Twisted: Asynchronous HTTP Request

Note that how to make an HTTP request with Twisted is already documented. But, unless you're already familiar with Twisted, my guess is that extending the example code to downloading a large number of web pages with a limit on the number of simultaneous requests is not easy. Below, you'll find example code for exactly that. Below the code is a walk-through that will hopefully help you understand the details.


from pprint import pformat

from twisted.internet import reactor
import twisted.internet.defer
from twisted.internet.protocol import Protocol
from twisted.web.client import Agent
from twisted.web.http_headers import Headers

class PrinterClient(Protocol):
    def __init__(self, whenFinished):
        self.whenFinished = whenFinished

    def dataReceived(self, bytes):
        print '##### Received #####\n%s' % (bytes,)

    def connectionLost(self, reason):
        print 'Finished:', reason.getErrorMessage()
        self.whenFinished.callback(None)

def handleResponse(r):
    print "version=%s\ncode=%s\nphrase='%s'" % (r.version, r.code, r.phrase)
    for k, v in r.headers.getAllRawHeaders():
        print "%s: %s" % (k, '\n  '.join(v))
    whenFinished = twisted.internet.defer.Deferred()
    r.deliverBody(PrinterClient(whenFinished))
    return whenFinished

def handleError(reason):
    reason.printTraceback()
    reactor.stop()

def getPage(url):
    print "Requesting %s" % (url,)
    d = Agent(reactor).request('GET', url, Headers({'User-Agent': ['twisted']}), None)
    d.addCallbacks(handleResponse, handleError)
    return d

semaphore = twisted.internet.defer.DeferredSemaphore(2)
dl = list()
dl.append(semaphore.run(getPage, 'http://google.com'))
dl.append(semaphore.run(getPage, 'http://cnn.com'))
dl.append(semaphore.run(getPage, 'http://nytimes.com'))
dl = twisted.internet.defer.DeferredList(dl)
dl.addCallbacks(lambda x: reactor.stop(), handleError)

reactor.run()

getPage handles an entire single HTTP request. Agent(reactor).request() creates an Agent and sends the HTTP request. request() returns a deferred which is fired when the headers are retrieved. The addCallbacks line specifies that handleResponse is called upon successful header retrieval and handleError is called if there is an error in retrieving the headers.

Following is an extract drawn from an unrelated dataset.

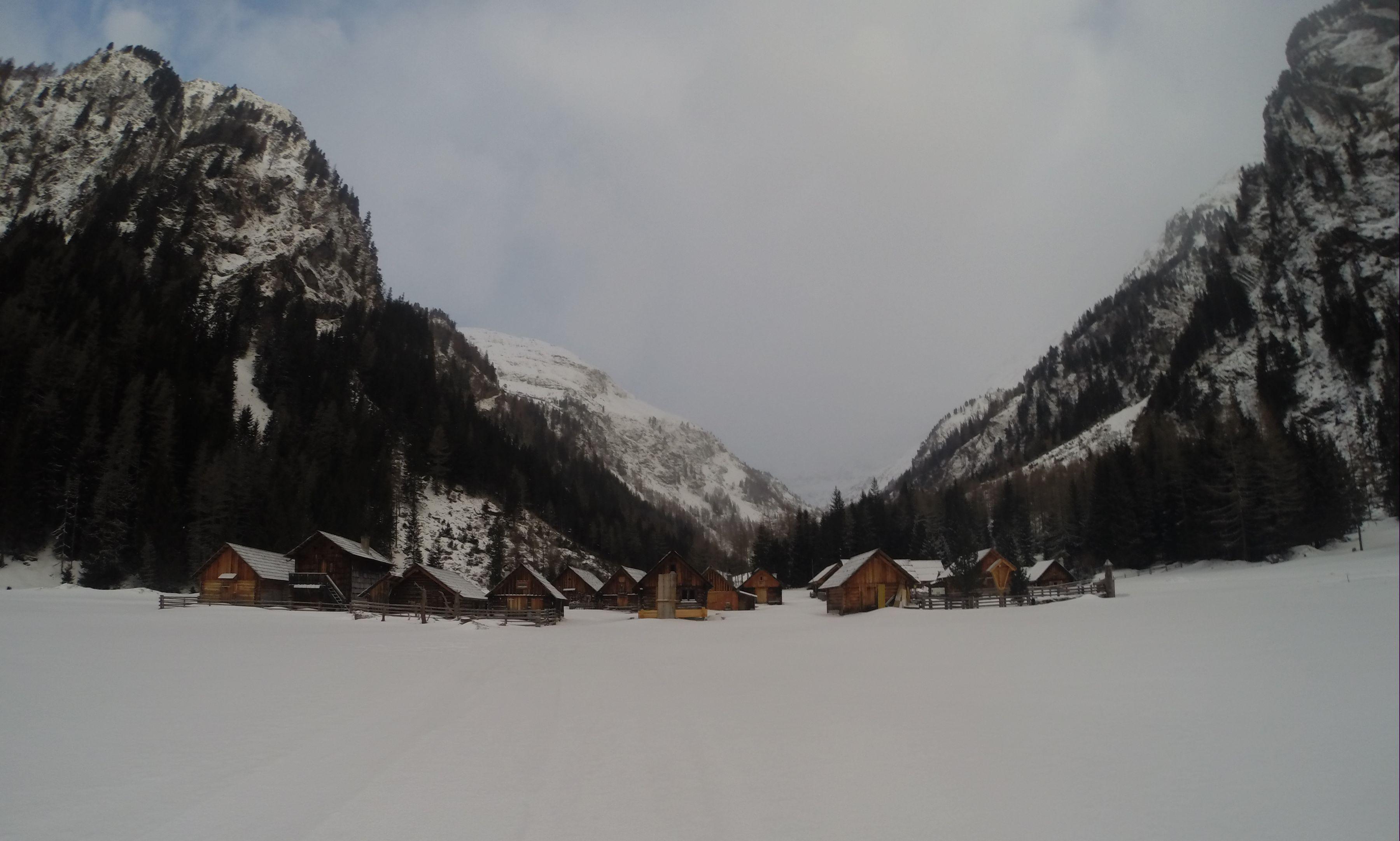 da heute Nordföhn angesagt war, wollte ich mal in den Lungau. Obwohl ich vorm wegfahren schon sehr verunsichert war über die Entscheidung, da vor der Haustür gut 20cm kalter Neuschnee lag. Nagut,.. gegen 6:30 gings von Hintergöriach bei sehr kalten und strengen Gegenwind Richtung Scharnock/Pietrach,.. das Göriachtal ist sehr schön und naturbelassen am Ende des Tals ist ein malerisches Hüttendorf, von da an steig es dann Richtung Göriachwinkel(ca.1800m) ca. 1std nis dahin meist Südausrichtung danach links haltend auf eine aufsteilende Scharte ab Landawirseehütte(ca.1950m) hat man das Ziel stets vor Augen(Nordost), und steig in alpiner Kulisse über 2 Kare auf, die den Weg vorgeben. Ein langer Zustieg zum Tourengelände, oben wartet eine tolle Landschaft mit dem mächtigen Hochgolling in engster Nachbarschaft. Es ist ein Abfahren bis zum Auto möglich obwohl es aufn Wanderweg zwischen Göriachwinkel und dem Hüttendorf falls kein Neuschnee dazukommt bald zum abschnallen.

handleResponse is given a Response object which contains the HTTP header and includes a method, deliverBody, to specify a Protocol to handle delivery of the HTTP body. A Protocol is used for body delivery because it may come in chunks and an error may occur in the middle of delivery (e.g. someone pulls your network plug). PrinterClient is a very simple Protocol which (1) prints received data, (2) logs the reason for termination (if not twisted.web.client.ResponseDone, there was an error), and (3) fires a deferred whenFinished.

The trickiest part of this code is following the Deferred chain, which is essential to understanding how we limit the maximum number of outstanding requests. A key point to understand about Deferreds is that, if a callback returns a Deferred, the parent Deferred waits for the child Deferred to fire before handing a value to the next Deferred in the chain. See documentation on Chaining Deferreds. Because of this, each semaphore.run waits for the PrinterClient protocol to complete before releasing its semaphore. The DeferredSemaphore is basically a Deferred-aware semaphore. It's only argument is the number of tokens it allows to be "checked-out" simultaneously. When we make the nytimes.com semaphore.run call, the semaphore doesn't call getPage until one of the other requests has completed.

The DeferredList is used to clean-up after all requests have completed. Under normal circumstances, we just want to stop the reactor so our process will exit. But, if there is an error, we want to see what happened, hence we use handleError in that case.

Update 9/13/11: Minor code formatting change.